А это вполне отвечает и характеру мира, ибо только слепая, а не зрячая воля могла поставить самое себя в такое положение, в каком мы себя видим. Зрячая воля, напротив, скоро вычислила бы, что предприятие не покрывает своих издержек, ибо жизнь, исполненная необузданных стремлений и борьбы, требующая напряжения всех сил, обремененная вечно заботой, страхом и нуждой, неминуемо влекущая к разрушению всякого индивидуального бытия, – такая жизнь не оправдывает себя самим существованием человека, которое завоевано столь трудной ценою, эфемерно и у нас в руках расплывается в ничто. Вот почему объяснение мира из некоторого анаксагоровского νους (нус – разум, ум – прим. сост.), τ. е. из некоторой воли, руководимой познанием, непременно требует известного приукрашивания в форме оптимизма, который и находит себе тогда своих защитников и глашатаев – наперекор вопиющему свидетельству целого мира, исполненного несчастий. Оптимизм изображает нам жизнь в виде какого-то подарка, между тем как со всей очевидностью ясно, что если бы нам заранее показали и дали попробовать этот подарок, то всякий с благодарностью отказался бы от него; недаром Лессинг удивлялся уму своего сына, который ни за что не хотел выходить на свет, был насильно извлечен в него акушерскими щипцами и, не успев явиться, сейчас же поспешил уйти из мира. Правда, говорят, что жизнь от одного своего конца и до другого представляет собой не что иное, как назидательный урок; но на это всякий может ответить: "Именно поэтому я и хотел бы, чтобы меня оставили в покое самодовлеющего ничто, где я не нуждался бы ни в уроках, ни в чем бы то ни было". И если к этому оправданию мира еще прибавляют, что всякий человек должен будет в свое время дать отчет о каждом часе своей жизни, то скорее мы сами вправе требовать, чтобы сначала нам дали отчет в том, за что нас лишили прежнего покоя и ввергли в такое несчастное, темное, трудное и скорбное положение. Вот куда, следовательно, приводят ложные принципы.

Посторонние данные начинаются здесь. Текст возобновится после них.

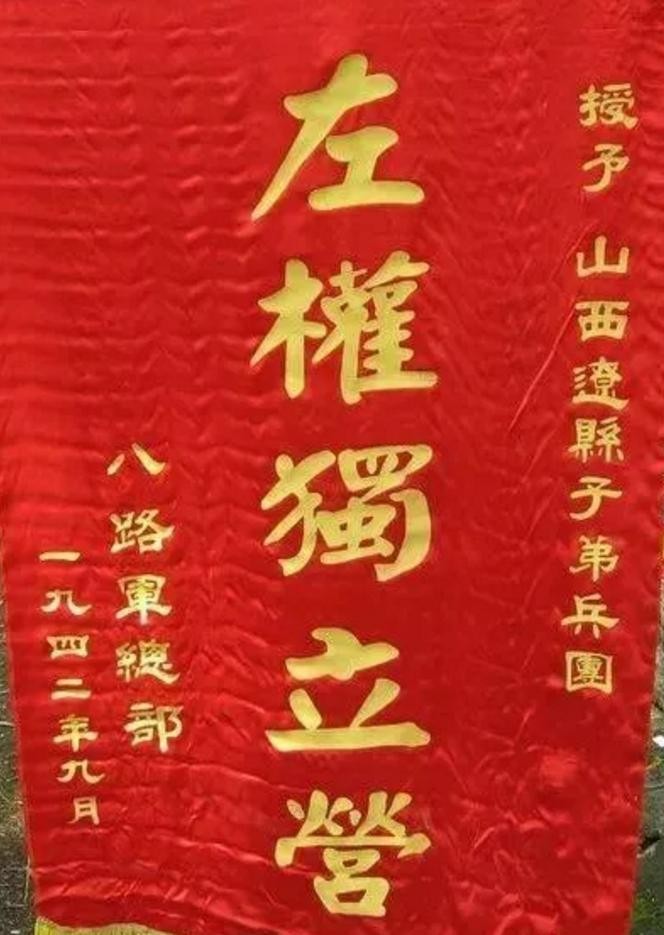 这面战旗诞生于1942年9月,在左权将军的公祭时,八路军总部授予由左权亲自指挥过的500名热血青年组成的山西辽县子弟兵团为"左权独立营"荣誉称号。
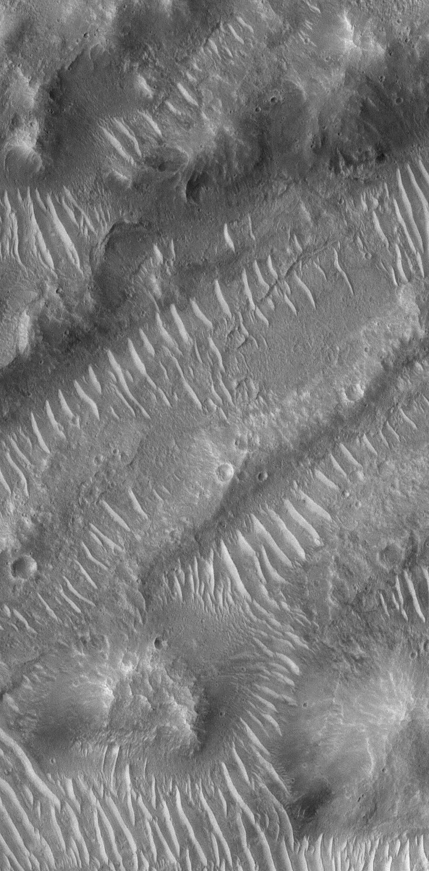 This Mars Global Surveyor (MGS) Mars Orbiter Camera (MOC) image shows large, light-toned, ripple-like windblown bedforms in a portion of the giant flood channel complex, Maja Valles. Ripples such as these are very common on Mars but not very well understood. They are larger than most ripples on Earth, and smaller than typical dunes. They are usually old, and probably immobile, features. Sometimes, larger, dark sand dunes are seen riding over them (although that is not the case here). If similarly-sized ripples were to be investigated by a Mars rover, they would probably provide critical information that would help determine the nature of bedforms like these all over Mars. The Maja Valles scene shown here is located near 17.7°N, 54.8°W, and covers an area about 1.4 km (0.9 mi) wide. Sunlight illuminates the scene from the lower left.
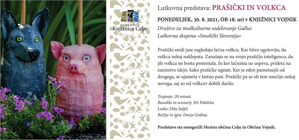 Vabljeni mali in veliki ljubitelji lutk v Knjižnico Vojnik v ponedeljek, 30. 8. ob 18. uri na ogled lutkovne predstave Prašički in volkca, ki jo bo za vas izvedla Darja Grdina.
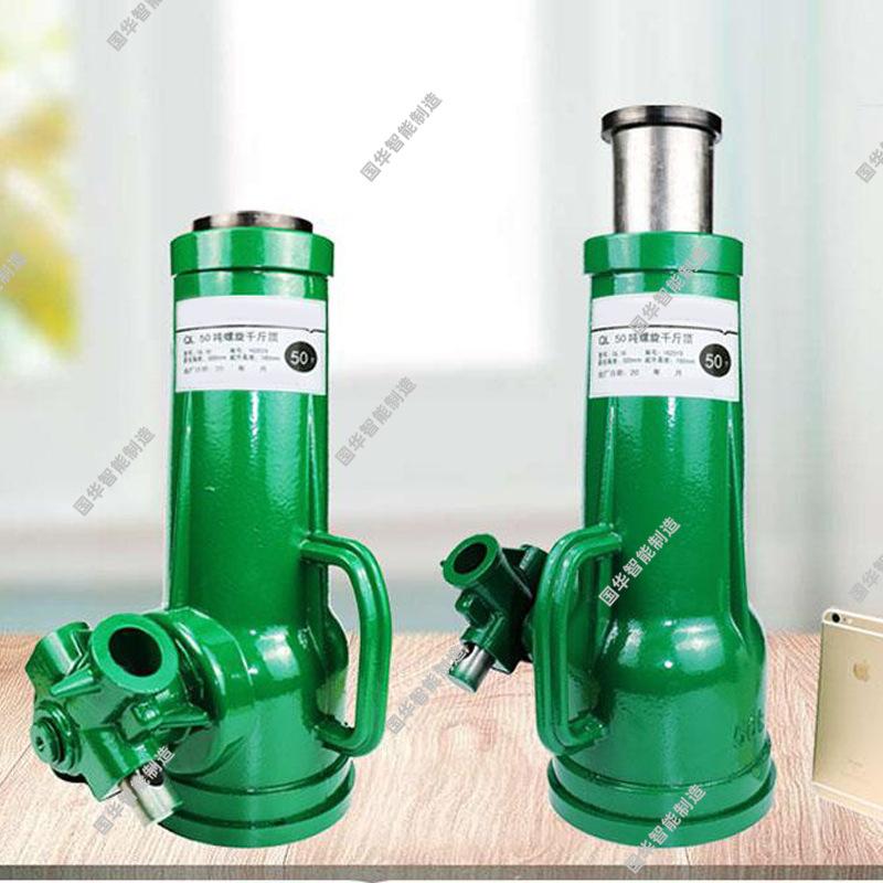 El gato de tornillo, también conocido como gato mecánico, se acciona manualmente mediante un par de tornillos, con un tornillo o casquillo de tuerca como elemento de elevación. Los gatos de tornillo convencionales se basan en el efecto autoblocante de la rosca para soportar objetos pesados. Tienen una estructura simple, pero baja eficiencia de transmisión y un retorno lento. La rosca del gato de tornillo autodescendente no tiene efecto autoblocante y está equipada con un freno. Al soltar el freno, el objeto pesado puede caer rápidamente por sí solo, acortando el tiempo de retorno, pero la estructura de este gato es más compleja. El gato de tornillo puede soportar objetos pesados durante mucho tiempo, con una capacidad máxima de elevación de 100 toneladas, y es ampliamente utilizado. Tras instalar el tornillo horizontal en la parte inferior, el objeto pesado también puede moverse horizontalmente una distancia corta.
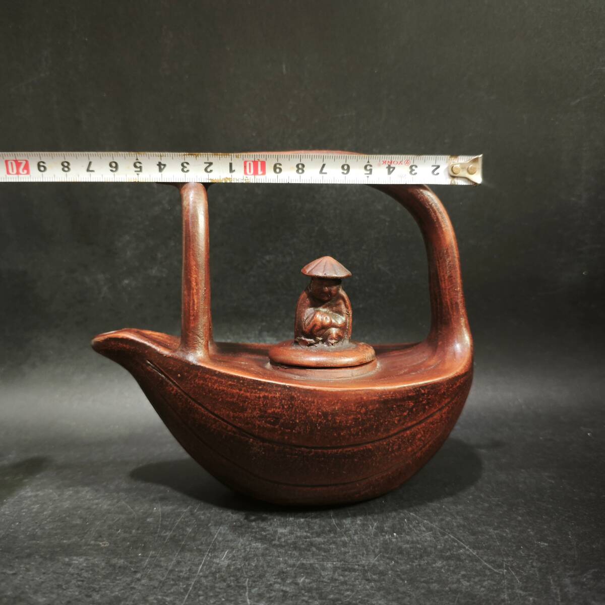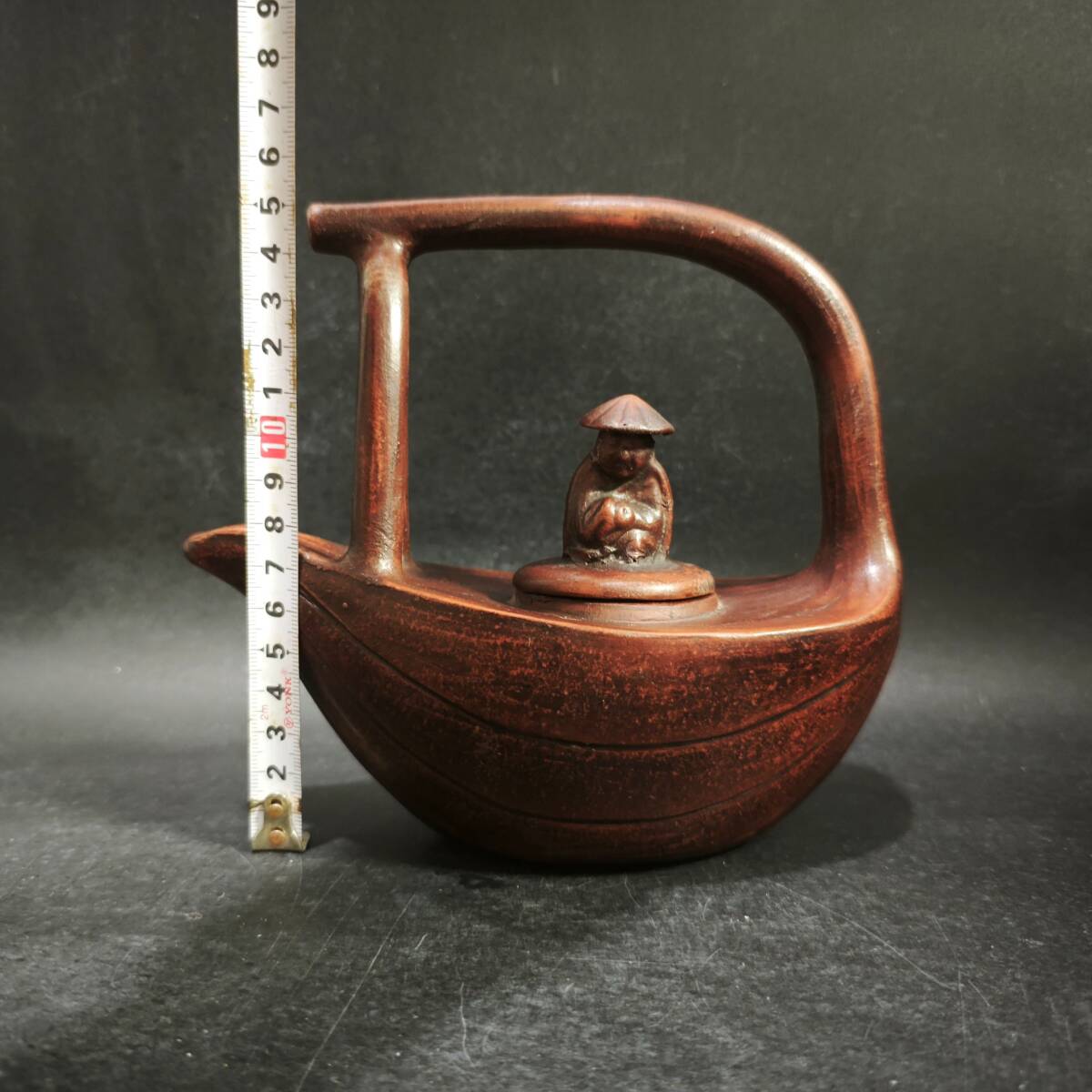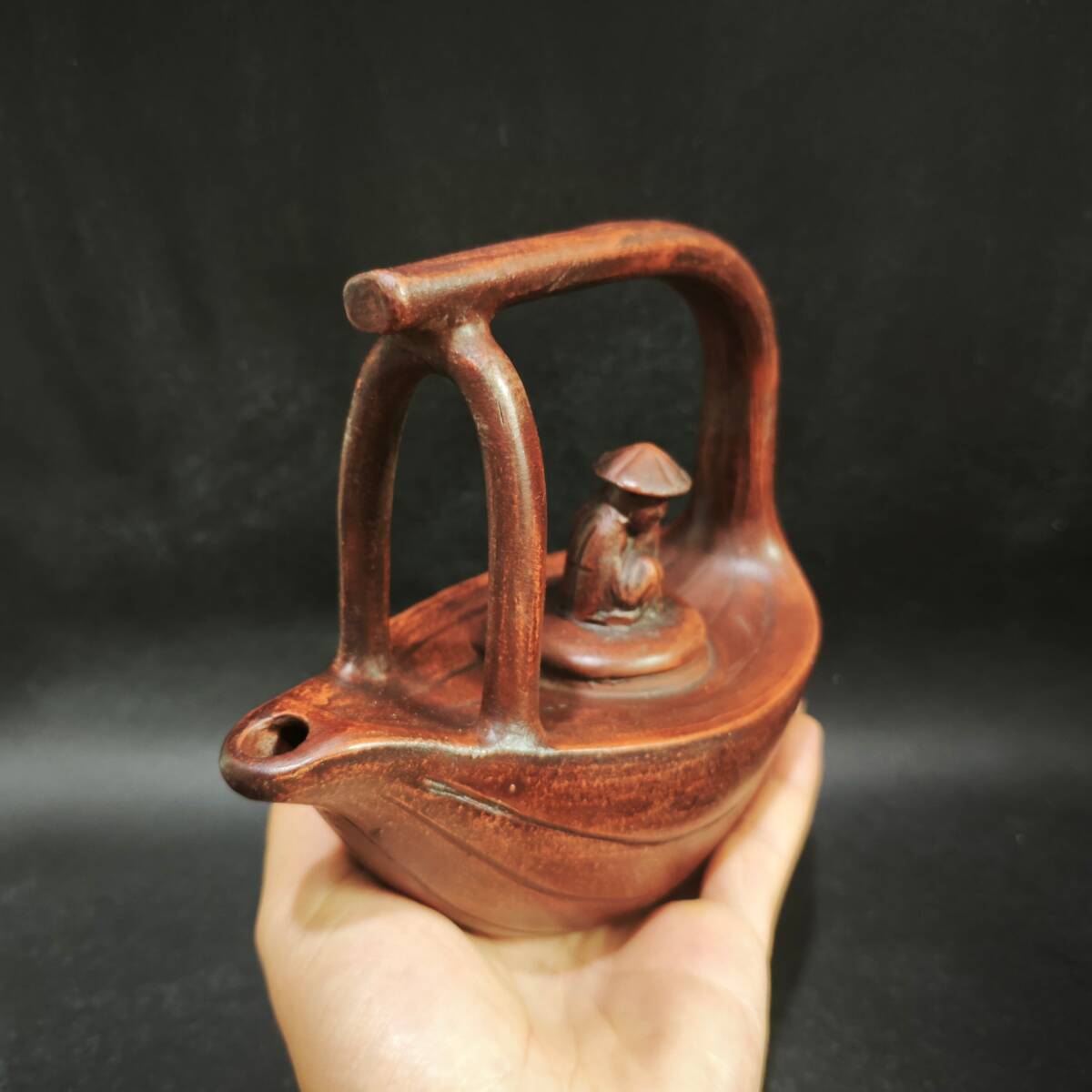 【超珍館蔵】紫砂壺 漁翁提梁壺 時大彬款 清水 茶具 茶道品 置物 賞物 古賞物 古董品 古美術品 時代物 旧家蔵出 稀少珍蔵品

Поистине, человеческое бытие – отнюдь не подарок: напротив, оно скорее представляет собой долг, который мы должны заплатить по договору. Взыскание по этому обязательству представляется нам в виде неотложных потребностей, мучительных желаний и бесконечной нужды, пронизывающих все наше бытие. На уплату этого долга уходит обыкновенно вся наша жизнь, но и она погашает одни только проценты.

Возмещение же капитала производится в момент смерти. Но когда же заключили мы это самое долговое обязательство? В момент зачатия.

Если, таким образом, смотреть на человека как на существо, жизнь которого представляет некую кару и искупление, то она предстанет перед нами уже в более правильном свете. Миф о грехопадении (впрочем, заимствованный, вероятно, как и все иудейство, из Зенд-Авесты) – вот единственное в Ветхом Завете, за чем я могу признать некоторую метафизическую, хотя и аллегорическую только, истинность; лишь он один примиряет меня с Ветхим Заветом. Ибо ни на что так не похожа наша жизнь, как на плод некоторой ошибки и преступного пожелания. Новозаветное христианство, этический дух которого тот же, что и у брахманизма и буддизма, и чужд, следовательно, в целом оптимистическому духу Ветхого Завета, тоже, в высшей степени мудро, связало себя с этим мифом; без него оно совсем не имело бы никакой точки соприкосновения с иудаизмом. Если вы хотите измерить степень вины, которая тяготеет над нашим бытием, то взгляните на страдания, с которыми связано последнее. Всякая великая боль, будь то физическая или духовная, говорит нам, чего мы заслуживаем: она не могла бы постигнуть нас, если бы мы ее не заслужили. То, что и христианство рассматривает нашу жизнь именно в этом свете, доказывает одно место из лютеровского комментария к третьей главе "Послания к Галатам": «Но все мы телами нашими подданные сатаны, и в мире, князь и бог которого – сатана, мы – чужеземцы. Поэтому все подлежит его власти: хлеб, что мы едим, питье, которое мы пьем, одежды, которые мы носим, и даже воздух, и вообще все то, чем мы живем во плоти». Кричали, что моя философия меланхолична и безотрадна: но это объясняется просто тем, что я, вместо того чтобы в виде эквивалента грехов изображать некоторый будущий ад, показал, что там, где есть вина, т. е. в мире, находится уже и нечто подобное аду; кто вздумал бы отрицать это, тот легко может когда-нибудь испытать это на самом себе.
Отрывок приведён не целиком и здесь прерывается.